EXERCISE REQUIREMENTS: Scan the entries that follow and work out how many lines contain "enjoy". Give the number and nothing else.

(Stored data)
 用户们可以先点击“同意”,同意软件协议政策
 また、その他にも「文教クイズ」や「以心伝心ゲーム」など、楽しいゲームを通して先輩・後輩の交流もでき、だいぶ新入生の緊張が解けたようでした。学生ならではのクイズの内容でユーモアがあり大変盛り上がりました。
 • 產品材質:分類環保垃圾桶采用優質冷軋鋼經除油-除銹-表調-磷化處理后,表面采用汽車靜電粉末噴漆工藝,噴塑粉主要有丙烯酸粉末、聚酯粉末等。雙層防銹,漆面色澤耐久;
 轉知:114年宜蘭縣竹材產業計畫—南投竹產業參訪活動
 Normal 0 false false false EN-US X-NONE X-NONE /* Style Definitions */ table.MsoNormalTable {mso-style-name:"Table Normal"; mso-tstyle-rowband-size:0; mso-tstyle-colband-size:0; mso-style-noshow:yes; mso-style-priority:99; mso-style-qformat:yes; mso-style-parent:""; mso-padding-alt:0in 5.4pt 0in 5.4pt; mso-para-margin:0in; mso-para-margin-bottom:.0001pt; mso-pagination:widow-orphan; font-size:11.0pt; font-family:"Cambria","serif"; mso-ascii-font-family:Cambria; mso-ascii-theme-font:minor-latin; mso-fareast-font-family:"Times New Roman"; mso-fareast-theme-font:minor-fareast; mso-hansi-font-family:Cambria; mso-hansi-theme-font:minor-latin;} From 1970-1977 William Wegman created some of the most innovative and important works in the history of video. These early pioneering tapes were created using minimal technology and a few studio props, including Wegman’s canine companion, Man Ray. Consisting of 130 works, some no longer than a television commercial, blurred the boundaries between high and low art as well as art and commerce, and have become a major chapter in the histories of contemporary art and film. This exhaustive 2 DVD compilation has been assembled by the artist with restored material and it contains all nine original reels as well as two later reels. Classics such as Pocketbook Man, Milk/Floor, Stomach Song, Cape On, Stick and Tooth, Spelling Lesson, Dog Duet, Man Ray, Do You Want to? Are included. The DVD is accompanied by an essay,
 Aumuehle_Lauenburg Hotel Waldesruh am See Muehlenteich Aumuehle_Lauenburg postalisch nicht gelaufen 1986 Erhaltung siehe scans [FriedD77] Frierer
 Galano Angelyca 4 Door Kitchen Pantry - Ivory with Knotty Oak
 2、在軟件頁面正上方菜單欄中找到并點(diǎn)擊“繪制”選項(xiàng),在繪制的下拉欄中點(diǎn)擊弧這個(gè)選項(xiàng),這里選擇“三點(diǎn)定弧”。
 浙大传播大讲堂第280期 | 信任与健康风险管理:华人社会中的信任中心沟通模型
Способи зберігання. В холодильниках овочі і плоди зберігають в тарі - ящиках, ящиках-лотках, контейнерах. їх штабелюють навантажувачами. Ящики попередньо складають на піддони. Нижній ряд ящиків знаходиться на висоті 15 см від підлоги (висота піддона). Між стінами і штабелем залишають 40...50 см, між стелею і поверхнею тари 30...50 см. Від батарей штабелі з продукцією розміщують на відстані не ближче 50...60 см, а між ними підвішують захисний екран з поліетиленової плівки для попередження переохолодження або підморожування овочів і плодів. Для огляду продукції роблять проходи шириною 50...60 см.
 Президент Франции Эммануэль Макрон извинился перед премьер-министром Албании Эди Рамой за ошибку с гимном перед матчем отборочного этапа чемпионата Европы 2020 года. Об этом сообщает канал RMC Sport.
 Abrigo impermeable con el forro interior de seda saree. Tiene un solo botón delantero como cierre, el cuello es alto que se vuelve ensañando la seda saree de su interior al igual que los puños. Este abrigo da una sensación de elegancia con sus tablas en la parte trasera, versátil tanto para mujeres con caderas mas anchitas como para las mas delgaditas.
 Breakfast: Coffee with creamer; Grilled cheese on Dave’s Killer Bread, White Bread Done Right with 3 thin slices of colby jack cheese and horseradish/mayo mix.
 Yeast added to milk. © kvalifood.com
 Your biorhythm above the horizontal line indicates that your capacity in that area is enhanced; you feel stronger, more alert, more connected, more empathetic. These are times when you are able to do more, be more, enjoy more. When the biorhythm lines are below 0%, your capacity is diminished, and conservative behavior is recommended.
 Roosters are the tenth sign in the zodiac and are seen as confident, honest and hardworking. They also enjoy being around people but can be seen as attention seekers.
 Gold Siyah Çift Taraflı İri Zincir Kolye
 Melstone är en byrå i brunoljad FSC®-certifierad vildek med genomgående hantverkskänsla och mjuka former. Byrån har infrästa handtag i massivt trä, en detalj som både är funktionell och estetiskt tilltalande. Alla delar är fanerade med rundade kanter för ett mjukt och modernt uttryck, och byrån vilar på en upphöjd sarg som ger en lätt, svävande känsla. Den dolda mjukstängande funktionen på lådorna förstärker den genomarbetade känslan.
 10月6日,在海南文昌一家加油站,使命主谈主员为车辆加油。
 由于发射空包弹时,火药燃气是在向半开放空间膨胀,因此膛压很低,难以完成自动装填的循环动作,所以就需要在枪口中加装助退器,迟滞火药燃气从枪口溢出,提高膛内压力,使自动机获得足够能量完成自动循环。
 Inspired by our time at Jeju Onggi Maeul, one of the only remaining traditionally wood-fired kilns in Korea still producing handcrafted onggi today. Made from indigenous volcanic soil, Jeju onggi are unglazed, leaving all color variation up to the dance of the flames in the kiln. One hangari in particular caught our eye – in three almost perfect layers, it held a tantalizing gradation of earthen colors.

EXERCISE RESULT: 2